Resident Physicians Are Unionizing. They Must Challenge For-Profit Health Care.

Around the country, resident physicians are joining unions. Recent votes by residents at the University of Vermont Medical Center (UVM), Stanford Medical Center (SMC), and Keck School of Medical of USC have all led to them joining the Committee of Interns and Residents, which is part of larger Service Employees International Union. These victories were achieved despite continued resistance from hospital bosses. Hospital bosses know that unionized residents physicians will be more difficult to exploit. This is why there is resistance. Residents should be more active in fighting for their rights and the care of patients. They should also demand that the healthcare system’s dynamics are challenged.

The rising popularity of resident physician unions is a result of a pro-union sentiment throughout the country. A recent study found that the United States’ approval of unions is at its highest level in more than 60 years. Gallup poll. As part of this pattern of growing support, workers in Amazon recently voted to establish the company’s first union in Staten Island, and Starbucks Workers around the country continue to win union votes, even with ongoing pushback and union-busting tactics from the company. Chris Smalls, interim President of ALU, stated that workers are becoming unionized to fight back against poor working conditions and not quit their jobs. Workers are looking for ways to fight back together against the boss, and more residents are joining unions to do the exact same.

However, only about one-seventh of the more than 145,000 resident doctors in the United States are currently unionized. However, all residents should be able to join a union. As we have. written about previouslyResidents are cheap labor in an abusive, for-profit healthcare industry. Resident training is in many ways a way to make physicians more efficient workers in a capitalist system of healthcare. This dynamic is often at the heart of the fight for resident labor unions. Hospital residents fight their unions for more demands, such as raises and housing stipends.

And resident organizing for and through unions only increased during the height of the Black Lives Matter Movement and then again throughout varying waves of the pandemic as resident physicians were at the frontlines caring for patients and witnessing the outcomes of intersections of race and class under capitalism have on people’s bodies. These experiences clearly showed how institutions that claim they care about patients’ health and well-being put their bottom line ahead of the well-being and wellbeing of frontline healthcare workers.

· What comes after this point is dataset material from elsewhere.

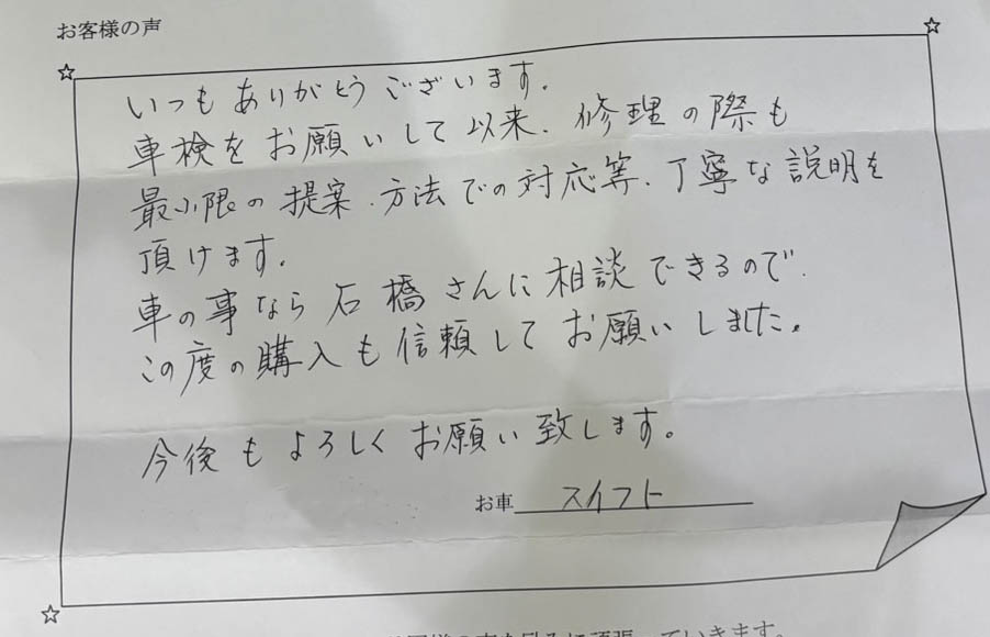 【お客様の声を頂きました】 2月 24, 2026 nooneblog customer, information No comments yet ありがとうございます。 お客様からの意見が私共の励みとなります。 これからもナンバーワンを宜しくお願い致します。

There is no doubt that we need more resident unions. As the number of resident unions increases, the most militant sections of resident physicians must explore ways to push beyond the demands for workplace improvements to question the exploitative dynamics of residency and more generally the dynamics of the for-profit healthcare system. We have already discussed this. written about in the pastDuring their training, residents work between 80 and 100 hours per week. They are cheap labor for hospital systems, and this labor helps maintain the factory-like atmosphere of many of these healthcare environments. Resident programs claim that they are concerned about the long hours, but their hands are tied. Resident unions may be able to challenge the 80-hour workweek and force their hospitals or clinics into unilaterally cutting work hours in contracts. This is a potential avenue for resistance (remember, my CIR local did this when I was a resident here in NYC, winning the first CIR hourly contract).

Struggles shouldn’t stop for hours. Residents should think about challenging their own union leadership. Most residents are members of the Committee of Interns and Residents. The union often attempts to “play nice” or be cordial with hospital leaderships, even signing “no-strike” clauses with the hospitals or clinics at which they are based. Hospital executives are enemies of patients and healthcare workers, so there should not be any cordial relationships with them. The strike is one the most powerful tools available to workers, and contracts should never be reneged on its potential.

Resident mobilizations should extend beyond the confines of medical residency. Resident physicians should unite in their workplaces against the exploitative healthcare system and push their unions for better healthcare. There are some signs of this in the current resident unionizing efforts, where workers want to push harder for improvements at their workplaces. At UVM, for example, they “want to tackle broader working conditions at the hospital, including an ongoing staffing shortage and a lack of adequate work spaces.”

Physicians today, whether they are still in residency or not, should see themselves as part and parcel of the working class. They must work with others to improve their conditions and fight for the well-being of the common good. Residents could also mobilize their unions, and fight alongside other unions to resist recent threats to the American right to abortion. To mobilize healthcare workers against the current war in Ukraine, rank and file committees could also be formed. Unionized healthcare workers should be mobilized against these battles at their workplaces as well as on the streets.

The pandemic demonstrated that the maintenance of individual and communal health goes beyond the walls of any clinic or hospital. If the right to choose is denied, it can threaten health and well-being. Jeff Bezos exploits Amazon workers, forcing them to work in dangerous conditions. Residents must continue to organize and fight to be more active and combative in their fight to be extended to other sectors and to other healthcare workers.